At least one director counseled him to get himself quickly to Belgium and speak up.
Mr. Ivester said he wanted to respect a request from the Belgian health minister to
keep the matter behind closed doors and not use the press. But board members

advised him not to believe a politician. Sure enough, the health minister himself
appeared on Belgian television and criticized Coke.
A few months later came another public-relations gaffe. Asked by a Brazilian
newsmagazine about Coke's testing of vending machines that could change prices
according to the weather, Mr.

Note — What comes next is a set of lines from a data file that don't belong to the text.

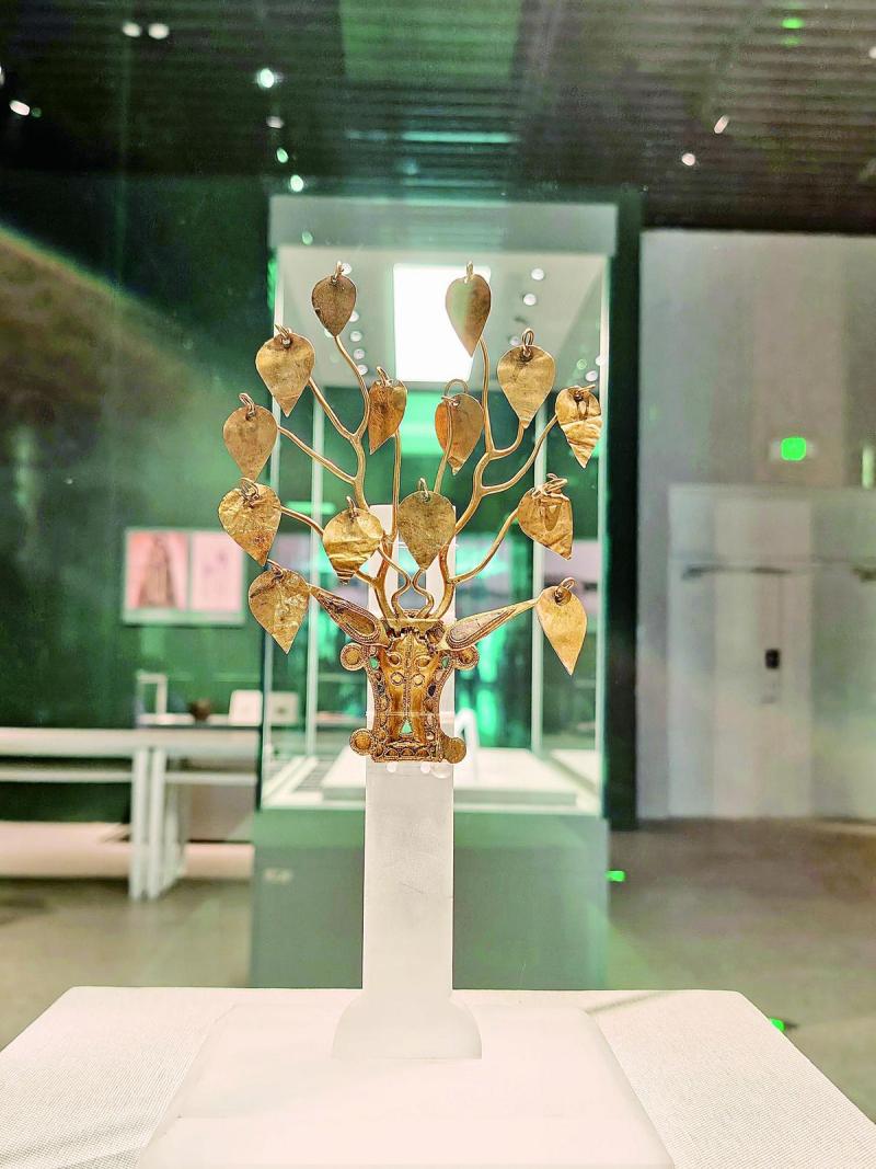 展覽中,呼倫貝爾的嘎仙洞遺址出土的石鏃、骨錐等,見證了拓跋鮮卑早期的生活遺跡;內(nèi)蒙古博物院藏的鹿角金步搖冠精美華麗,鹿頭面部鑲嵌有珠飾,鹿角支叉上所掛的桃形金葉均可搖動(dòng),象征著草原民族對于鹿的崇拜;釉陶馬、青釉武士俑,展示了拓跋鮮卑強(qiáng)大的騎兵力量;從大同出土的彩繪陶女舞俑到洛陽出土的彩繪陶伎樂俑,體現(xiàn)了北魏在漢化改革前后的服飾變化、音樂舞蹈和社會生活。
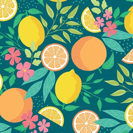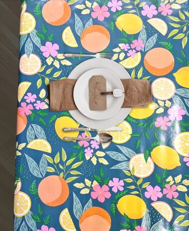 Een tafelzeil met een sfeervolle print van citrusfruit in een vintage stijl. Dit sfeervolle tafelzeil snijden wij per 50 cm voor je op maat. - Breedte: 140 centimeter - Lengte: Vanaf 50 centimeter tot 20 meter (een rol tafelzeil) - Weergegeven prijs is per halve meter - Materiaal: Geprint pvc met zachte non woven vliesrug - Machinewasbaar: Nee
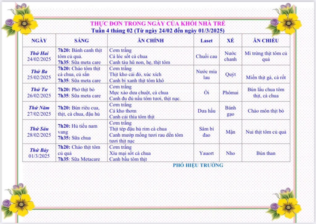 - THỰC ĐƠN TỪ NGÀY 17 THÁNG 03 NĂM 2025 ĐẾN NGÀY 22 THÁNG 03 NĂM 2025
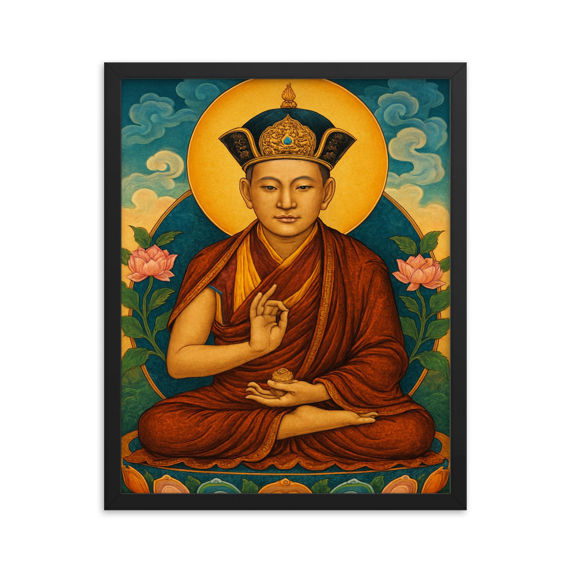 This framed wall art features a high-quality print of Rangjung Rigpe Dorje, a revered figure whose legacy inspires peace and wisdom. Perfect for meditation rooms, living spaces, or offices, this artwork offers more than decoration—it invites calm and intention into your environment.
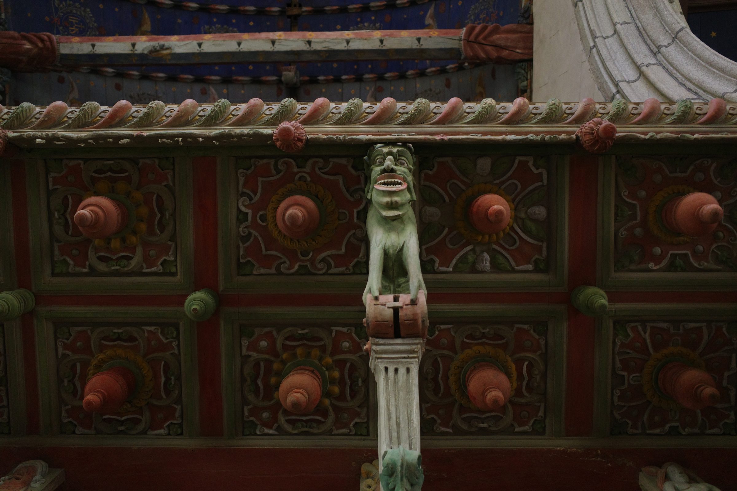 Point notable, un escalier en pierre permet d'accéder au sommet du portail.
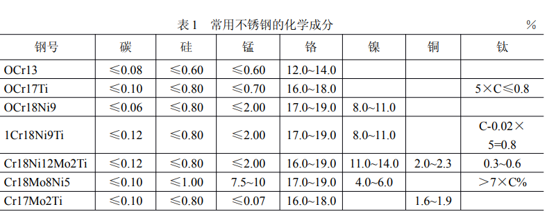 韌性較大及具有良好焊接性能的品種:OCr1 3、OCr1 7Ti、Cr1 8、OCr1 8Ni9、Cr1 8Ni8、1 Cr1 8Ni9Ti、Cr1 8Ni1 2Mo2Ti、Cr1 8Mn8Ni5、1 Cr1 7Ni1 3Mo2Ti、Cr1 7Mo2Ti。但用得比較多的還是 Cr1 8Ni1 8、Cr1 7Ti和 1 Cr1 7Mo2Ti。

Ivester gave a theoretical response that came across
as both a defense of the technology and a confirmation that it would hit the streets.
"Coca-Cola is a product whose utility varies from moment to moment," he said. "In a
final summer championship, when people meet in a stadium to have fun, the utility
of a cold Coca-Cola is very high. So it is fair that it should be more expensive. The
machine will simply make this process automatic."
A Coke spokesman says the remarks were taken out of context. Though the
company had tested the technology in a lab, it never had an intention of introducing
it, the spokesman says, and bottlers confirm this. Nonetheless, the CEO's answer
created a flap, seeming to cast the company as one that wasn't customer-friendly.
In October, directors who had long wanted Mr. Ivester to appoint a No. 2 were
relieved when he outlined plans to reduce the number of executives reporting to
him to six from 16. The new arrangement would free the CEO from overseeing
employee benefits, corporate aircraft and many other mundane issues. Mr. Ivester
told directors he would seek their approval at the next board meeting in midDecember.
Why wait? they replied. "I appreciate your support. Let's go," Mr. Ivester told the
board, according to one person.
The board apparently failed to notice one ramification: Mr. Ivester was about to push
Mr. Ware, the executive overseeing the Africa business, down a rung. He was among
the 10 who would no longer report to the CEO. When Mr. Ware then announced his
retirement, "there was a lot of criticism in the company about why it was necessary
to make Carl lose so much face, and what that meant about Doug's judgment," says
a person close to the situation.
As these controversies unfolded, one person says, Mr. Ivester occasionally talked of
stepping down, wondering aloud if he was the right man for the job. Mr. Ivester's
mother -- who says she is "elated" that he has given up the ultrastressful job -- says
he had sometimes talked about leaving. A Coke spokesman, though, says he never
heard Mr. Ivester express any desire to leave.
The end came on Dec. 6, when Mr. Ivester announced that he will voluntarily leave
one of the most prestigious jobs in business next April, after only 2 1/2 years, to
give someone else a chance to try to do it better. Says a person close to the board,
"It was like a pitcher who wasn't throwing any strikes and the bases are loaded. He
finally took himself out of the game."